So, I'm writing. I've got several projects on the go at the moment: two main ones, and one I'm turning over and over in my head.



First, I have my ongoing WiP, THE CROWS. 

THE CROWS is about murder, identity, and the fleech's art of getting by. [Don't know what a fleech is? See Chapter 1]. It's about the paranormal, the wyrd, and the eldritch happening in a seaside town to a woman getting over a break-up, a redundancy, and losing her flat. It involves a crumbling renovation project, a mysterious local society, and relationships.



Then I have my new WiP, THE BOOK OF DEATH.

THE BOOK OF DEATH is the fourth in the Faustine Chronicles series, and I've blogged a lot about the difficulties of writing that as an ongoing family saga. BoD is set seven hundred years after the end of the third book, THE BOOK OF CHANCE. The whole saga has been following the Celtic Hero Cycle, from the conception of the hero (BOOK OF FATE), the childhood of the hero (BOOK OF TIME) and acts of the hero as a young man (BOOK OF CHANCE). The last one in the cycle should be the death of the hero, but that's not really how I see BoD ending. So perhaps there will be another. But I don't know about that!



Both are giving me problems, for different reasons.

THE CROWS - because I am experimenting with narrative, and ways to split the narration to generate suspense and at the same time create a sense of realism. I want to swap between three scenes in one chapter, and see how that works. I want to offset a mundane or "normal" activity - like a date at a restaurant - with two other pairs of characters, each involved in more sinister actions, building to an overlapping climax. Troublesome, n'est-ce pas?!


BOOK OF DEATH - because 700 years have passed, and, due to a temporal accident, no one can ever go back. Yury, the hero, is stuck in the Underworld and when he comes back, nothing is the same. His immortal family have developed, moved on, lived their lives without him, and he barely recognizes them, or the new world into which he re-emerges. It's psychologically challenging, and it's also a real test of my world-building skills. The problems involve the dynamics of the family, whom the readers are very familiar with, changing in realistic and drastic ways, and the world they knew in the previous three books being almost completely reconstructed. Just as Yury is thrust into a world that doesn't make sense to him, and a family he struggles to accept despite their willingness to accept him, so to is the reader, but before the reader and even before Yury, so am I. And I'm finding it just as bewildering. This one may take a while.

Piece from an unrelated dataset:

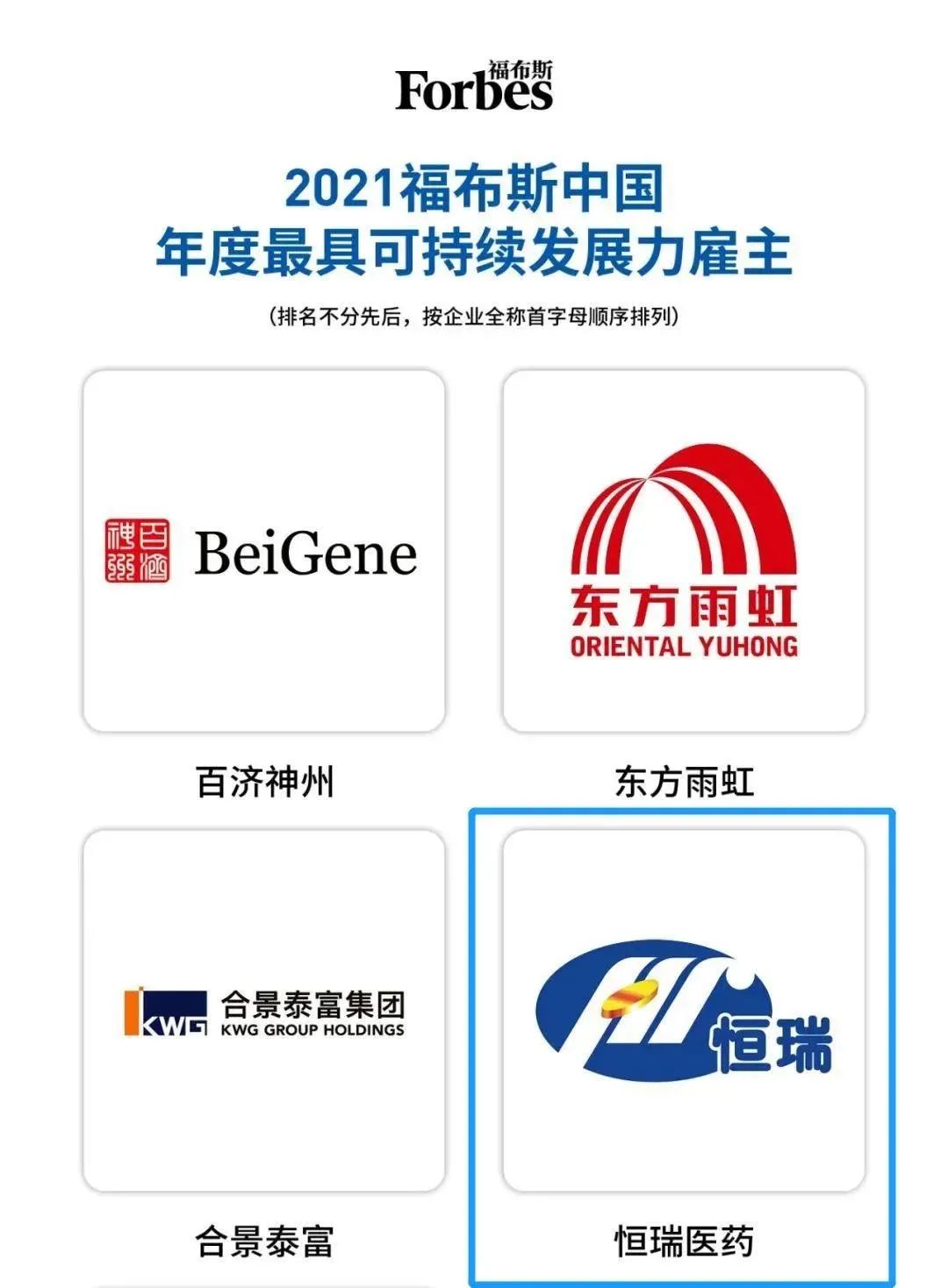 6月28日,福布斯中国联合全球领导力与高管人才咨询公司罗盛咨询公司发布“2021福布斯中国·最佳雇主”年度评选主榜单及子榜单,恒瑞医药上榜2021福布斯中国年度最佳雇主,以及2021福布斯中国年度最具可持续发展力雇主名单。这是福布斯中国首次推出“中国最佳雇主”系列评选。

My next idea: Haunted Forests of the Mind

A few things have really struck me. They have no place in the WiPs I've already got going on, but there are elements swirling around which don't marry up with each other either. I've been fascinated by two "real-life" stories - Hoia Baciu forest in Romania, and the disturbing tale of Lerina Garcia. Are there sensible scientific explanations for these things? Personally I believe so, but I really don't care. I don't care, because the stories are fascinating.

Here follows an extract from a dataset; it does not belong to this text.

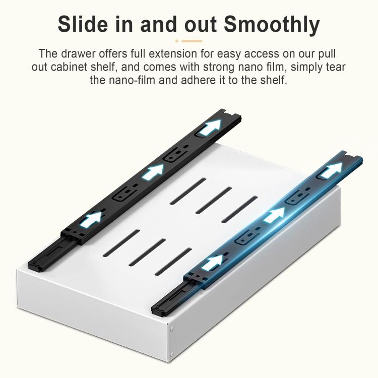 5. Easy and quick installation, no drilling and nailing required, just manually stick the drawer slides to the cabinet.
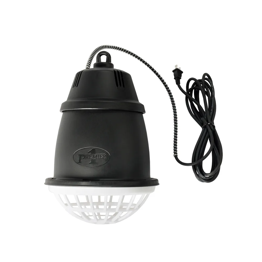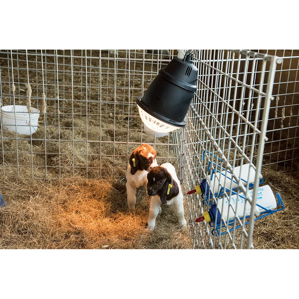Common heat lamps are often blamed for barn fires, scorched wool and overheating. The Prima Heat Lamp is better in every way – strength, safety, protective guard and hanging system. Heavy duty plastic shield keeps animals from damaging bulb.

Hoia Baciu forest near Cluj is allegedly haunted, contains portals to other worlds, has balls of unexplained light floating around in it that apparently transmit diseases "if they enter your aura", and is generally absolutely terrifying. It has been a prime location for paranormal investigative shows like Destination Truth, which made for some pretty compulsive viewing.

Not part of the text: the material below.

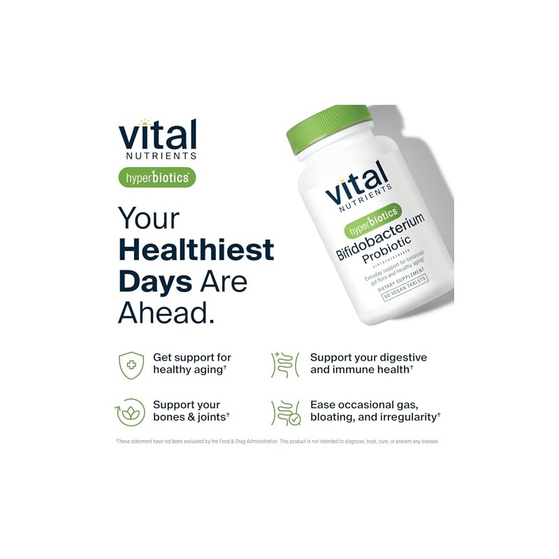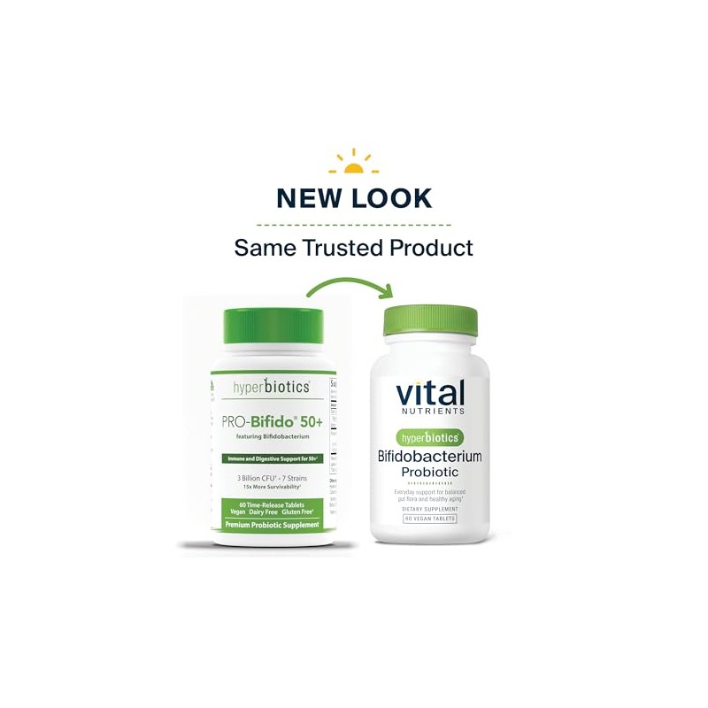Hyperbiotics Hyperbiotics Vital Nutrients Bifidobacterium Probiotic | 7 Targeted Strains | Supports Immune and Digestive Health for Older Adults | Shelf-Stable | Vegan | 60 Tablets

Here are some links, including the alien theories:

1. It Was Aliens, Dude!
2. Official Website for Hoia Baciu, the World's Most Haunted Forest
3. Wikipedia Never Lies
4. It's Number 1 in the Top 7 Most Haunted Forests...


The story of Lerina Garcia is also weird and disturbing. Basically, one morning she woke up and found everything was slightly different, and not how she remembered it from the previous night (or indeed the previous few years of her life). It sounds a bit like a psychological condition where you suddenly don't recognise your loved ones, or think they've been replaced with imposters: but in this case, it's her whole life.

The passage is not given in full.